══ Records
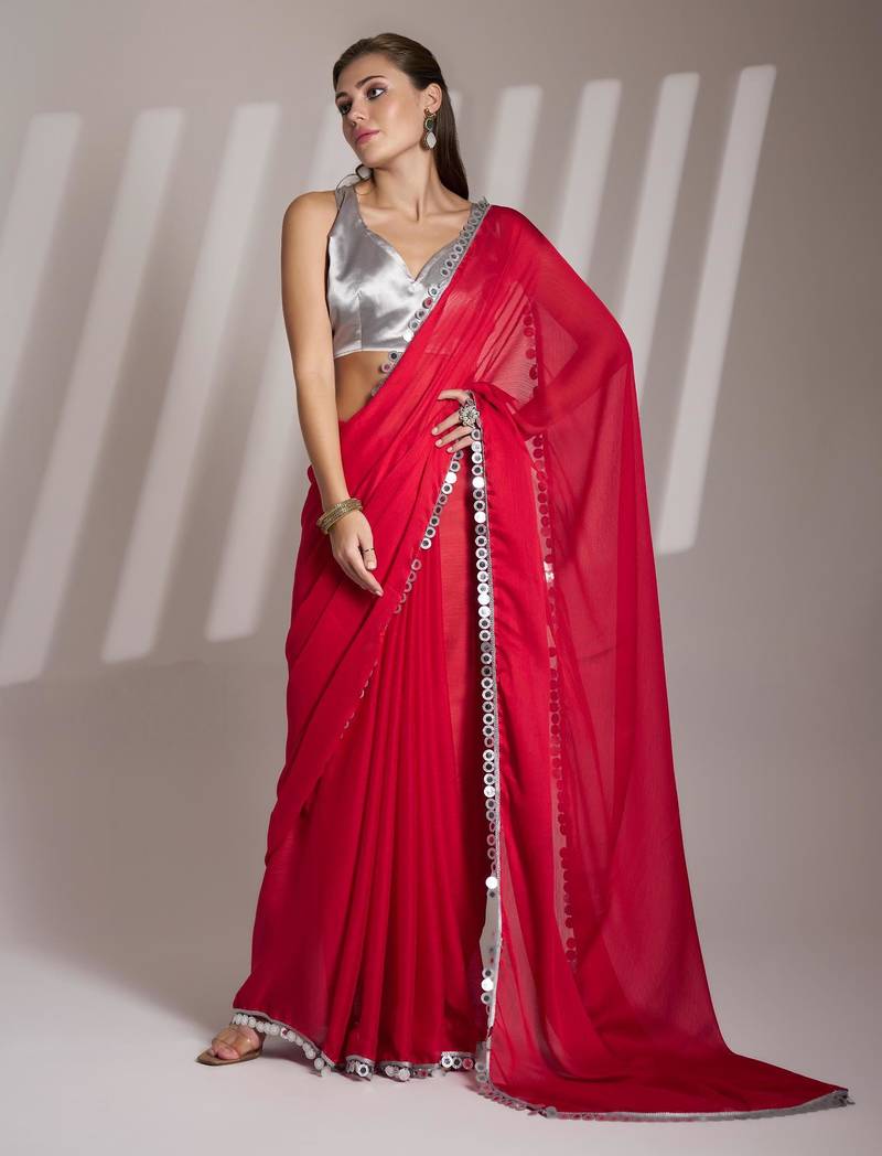 | Product Name | Red Chiffon Designer Saree With Blouse | |
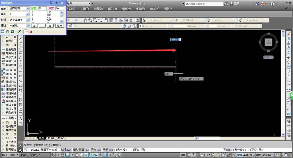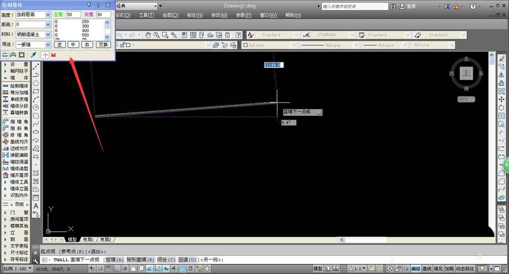 2、我们先进行基础墙体的绘制,在AUTOCAD绘图窗口的左方工具栏中,选择“墙体——绘制墙体”,进行墙体的绘制,系统会自动弹出墙体的设置窗口。
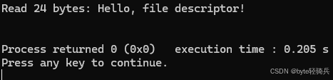 ssize_t read(int fd, void *buf, size_t count);fd:文件描述符,由 open 函数返回的一个非负整数,用于标识要读取数据的文件、设备等。buf:指向用于存储读取数据的缓冲区的指针,数据将被读取到这个缓冲区中。count:期望读取的字节数,即希望从文件描述符对应的文件或设备中读取的最大字节数。errno 会被设置为相应的错误码,用于指示具体的错误原因。#include <fcntl.h>
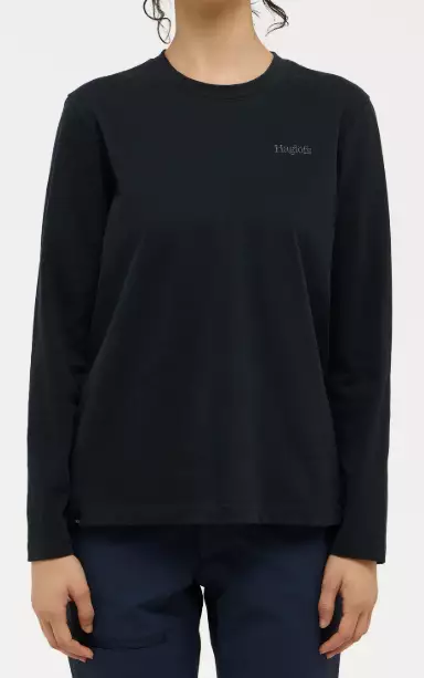 Haglöfs LS Tee naisten pitkähihainen paita musta, pitkähihainen t-paita, joka on mukava niin metsäpolulla kuin kaupungissakin.
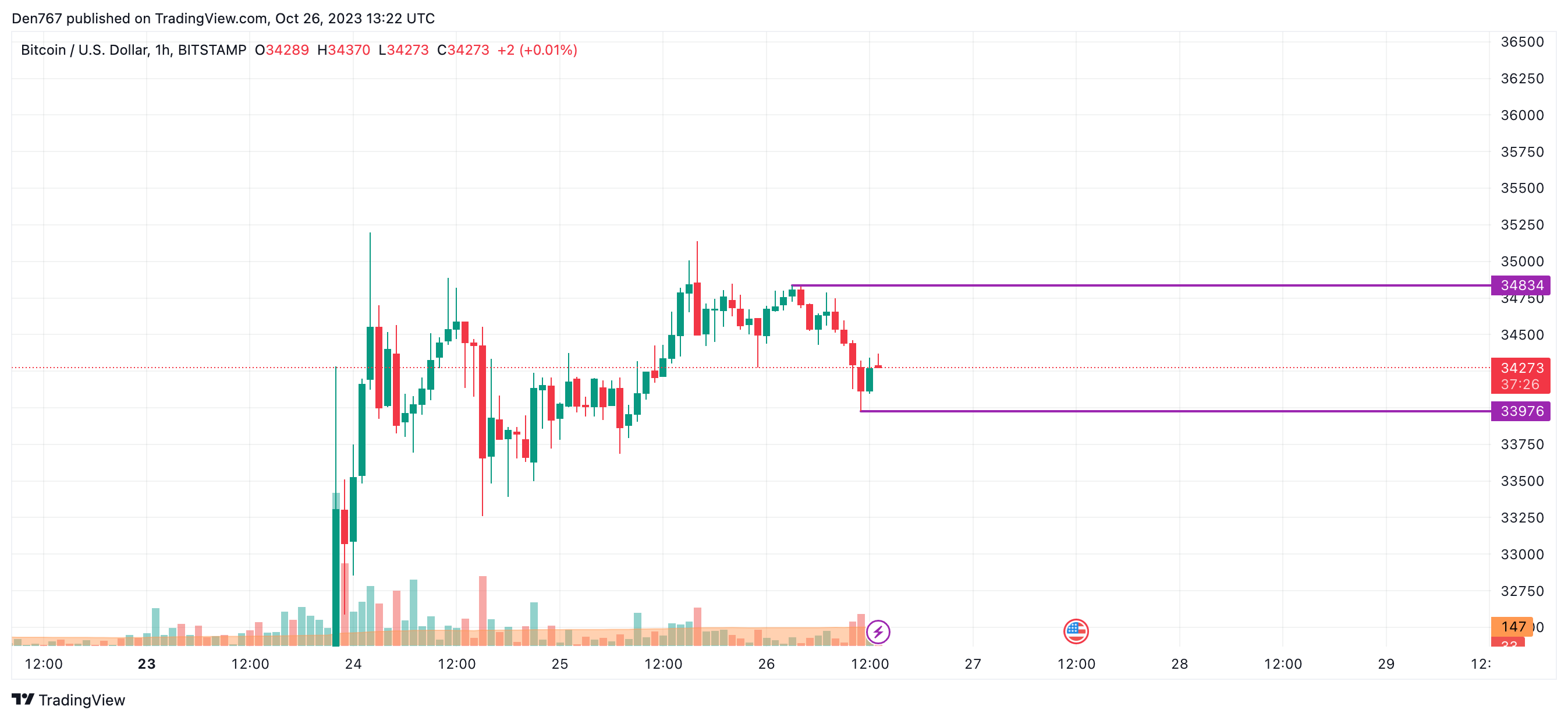 On the hourly chart, the price of BTC is trading near the local support level of $33,976. If the bears' pressure continues, the breakout may lead to a blast to the $33,500 area tomorrow.
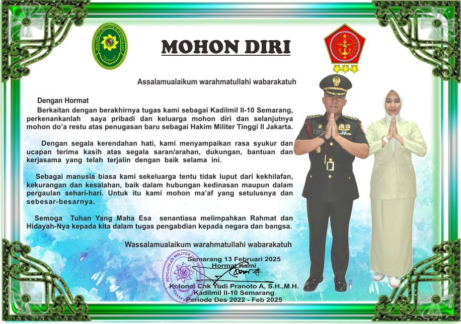 Berkaitan dengan berakhirnya tugas kami sebagai Kadilmil II-10 Semarang, perkenankanlah saya pribadi dan keluarga mohon diri dan selanjutnya mohon do'a restu atas penugasan baru sebagai Hakim Militer Tinggi II Jakarta.
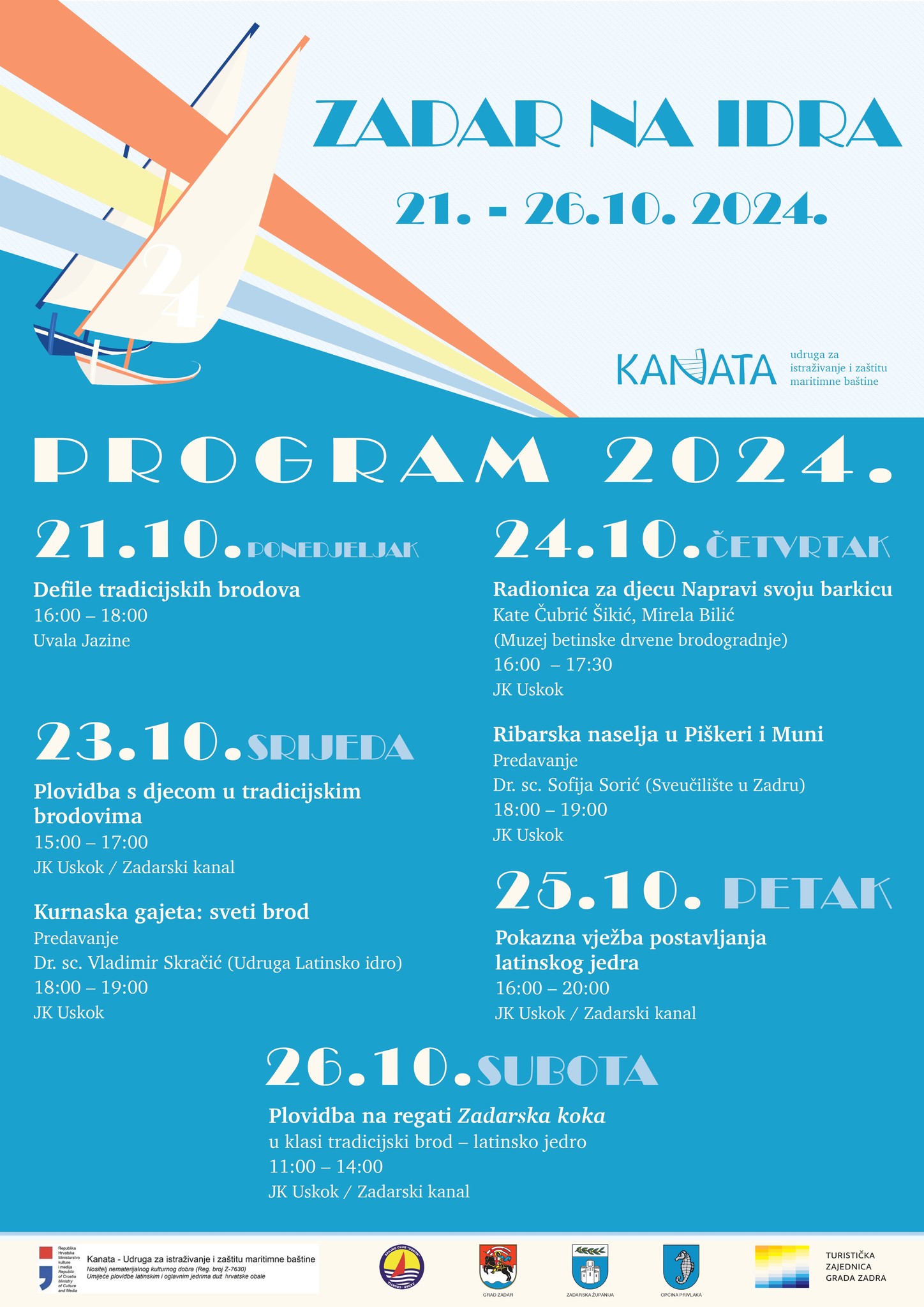 Udruga za istraživanje i zaštitu maritimne baštine Kanata najavljuje treću po redu manifestaciju “Zadar na idra”, koja će se održati od 21. do 26. listopada 2024. godine. Ova manifestacija posvećena je očuvanju tradicijskog plovidbenog naslijeđa, posebice umijeća plovidbe latinskim jedrom, koje je simbol zadarskog pomorstva. Program manifestacije uključuje brojne aktivnosti za sve uzraste, od radionica za djecu do plovidbi tradicionalnim drvenim brodovima s latinskim jedrima.
════
* [About this task]
Restate word for word the lines running from the one with "Berkaitan dengan berakhirnya" to the end of the entries; pictures are to be left out.

* [Completed exercise]
 Berkaitan dengan berakhirnya tugas kami sebagai Kadilmil II-10 Semarang, perkenankanlah saya pribadi dan keluarga mohon diri dan selanjutnya mohon do'a restu atas penugasan baru sebagai Hakim Militer Tinggi II Jakarta.
 Udruga za istraživanje i zaštitu maritimne baštine Kanata najavljuje treću po redu manifestaciju “Zadar na idra”, koja će se održati od 21. do 26. listopada 2024. godine. Ova manifestacija posvećena je očuvanju tradicijskog plovidbenog naslijeđa, posebice umijeća plovidbe latinskim jedrom, koje je simbol zadarskog pomorstva. Program manifestacije uključuje brojne aktivnosti za sve uzraste, od radionica za djecu do plovidbi tradicionalnim drvenim brodovima s latinskim jedrima.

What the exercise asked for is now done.